Used when a discrete variable is plotted against a continuous variable

In [None]:
box_plot = plt.figure()

female_tips = df[df['sex'] == 'Female']['tip']
male_tips = df[df['sex'] == 'Male']['tip']

ax1 = box_plot.add_subplot(1,1,1)
ax1.boxplot(x = [female_tips, male_tips], labels=['Female', 'Male'])
ax1.set_title('Boxplot of Tips by Gender')
ax1.set_xlabel('Gender')
ax1.set_ylabel('Tips')

box_plot.show()

## Multivariate Data

- Plotting this is doable but tricky
- No single way to visualize such data
- How to distinguish values of different labels

In [None]:
# recode gender to a colour value
def recode_gender(g):
    if g == 'Female':
        return 0
    else:
        return 1
    
df['Gender(Colour)'] = df['sex'].apply(recode_gender)

scatter_plot = plt.figure()

ax1 = scatter_plot.add_subplot(1,1,1)
ax1.scatter(x=df['total_bill'], y=df['tip'], c=df['Gender(Colour)'], alpha = 0.5)

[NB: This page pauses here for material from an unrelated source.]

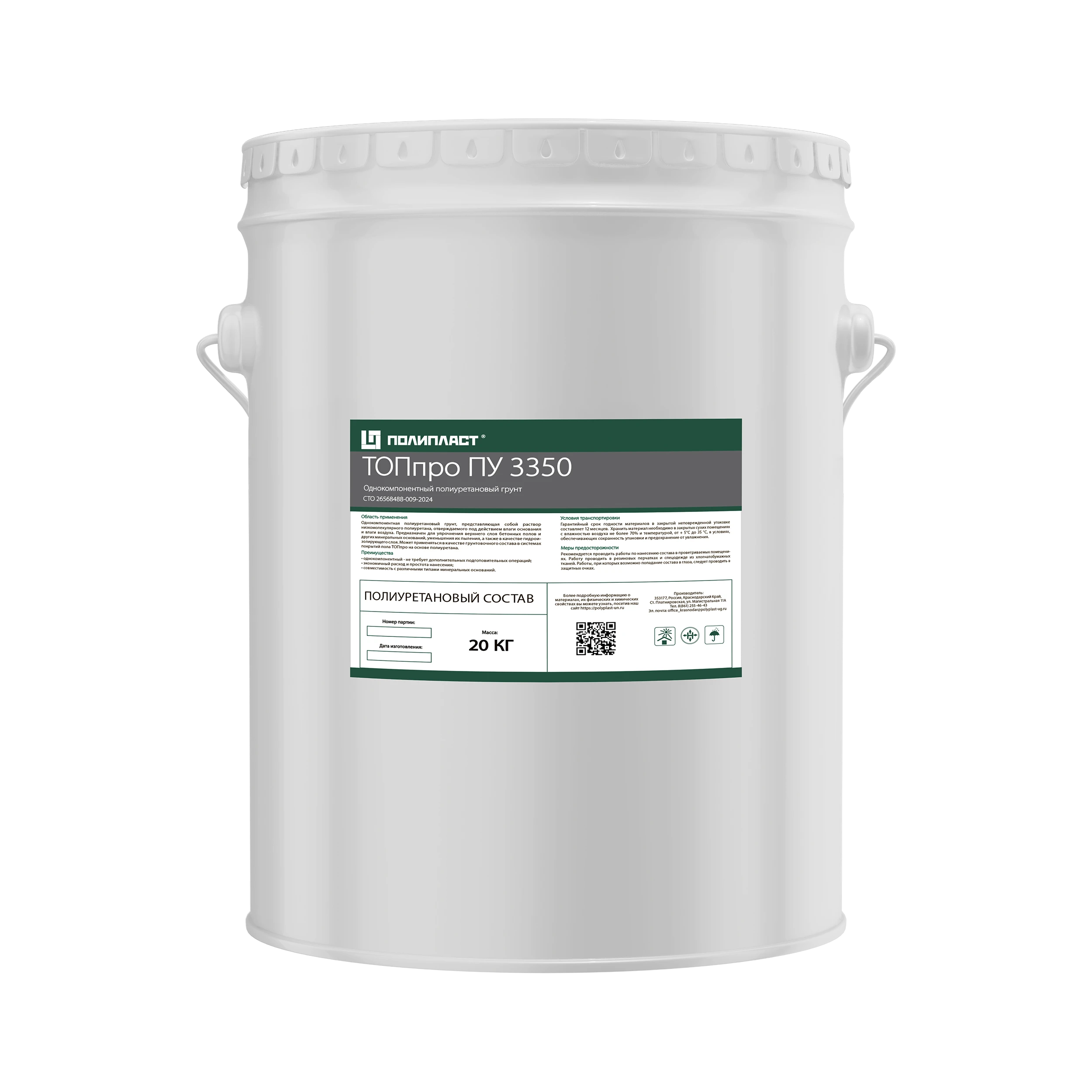ТОПпро ПУ 3350 — однокомпонентная полиуретановая грунтовка для бетона, представляющая собой раствор низкомолекулярного полиуретана, полимеризующегося под действием влаги основания и влаги воздуха. Предназначена для упрочнения верхнего слоя бетонных полов, уменьшения их пыления, а также в качестве гидроизолирующего слоя. Применяется в качестве грунтовки в системах покрытий пола ТОПпро на основе полиуретана. Расход от 0,3 кг/м2

ax1.set_title('Total Bill vs Tip - Coloured by Gender & Sized by Tip')
ax1.set_xlabel('Total Bill')
ax1.set_ylabel('Tip')

scatter_plot.show()

# Seaborn


In [None]:
import seaborn as sns

df = pd.read_excel(io="../Data/plotting_data.xls", sheet_name='tips', index_col='ID')

## Histograms

In [None]:
# this subplots function returns 2 values as a tuple
# a figure
# a subplot added to the figure

hist_plot, ax1 = plt.subplots()

ax1 = sns.distplot(a = df['total_bill'])
ax1.set_title('Total Bill Histogram with density plot')

plt.show()


In [None]:
# Same thing but without the denisty
# supply a kde argument and set it to False
hist_plot, ax1 = plt.subplots()

ax1 = sns.distplot(a = df['total_bill'], kde=False)
ax1.set_title('Total Bill Histogram')
ax1.set_xlabel('Total Bill')
ax1.set_ylabel('Frequency')

plt.show()


## Density Pot

**Kernel Density Estimation**

In [None]:
den_plot, ax1 = plt.subplots()

ax1 = sns.distplot(a = df['total_bill'], hist=False)
ax1.set_title('Total Bill Density')
ax1.set_xlabel('Total Bill')
ax1.set_ylabel('Unit Probability')

plt.show()

## Rug Plots

- 1 dimensional representation of a variables distribution
- usually used with other plots to enhance visualization

In [None]:
hist_den_rug_plot, ax1 = plt.subplots()

ax1 = sns.distplot(a = df['total_bill'], rug=True)
ax1.set_title('Total Bill Histogram with Density and Rug Plot')
ax1.set_xlabel('Total Bill')

plt.show()

## Bar Plots

In [None]:
count_plot, ax1 = plt.subplots()

ax1 = sns.countplot(x='day', data=df)
ax1.set_title('Count of Days')
ax1.set_xlabel('Day of Week')
ax1.set_xlabel('Frequency')

plt.show()

## Scatterplot

- No `scatter` function in `seaborn`, use `regplot` instead.
- plots a scatterpoot **and** fits a regression line
- use `fit_reg=False` to toggle regression line on/off

In [None]:
scatter_plot, ax1 = plt.subplots()

ax = sns.regplot(x='total_bill', y='tip', data=df)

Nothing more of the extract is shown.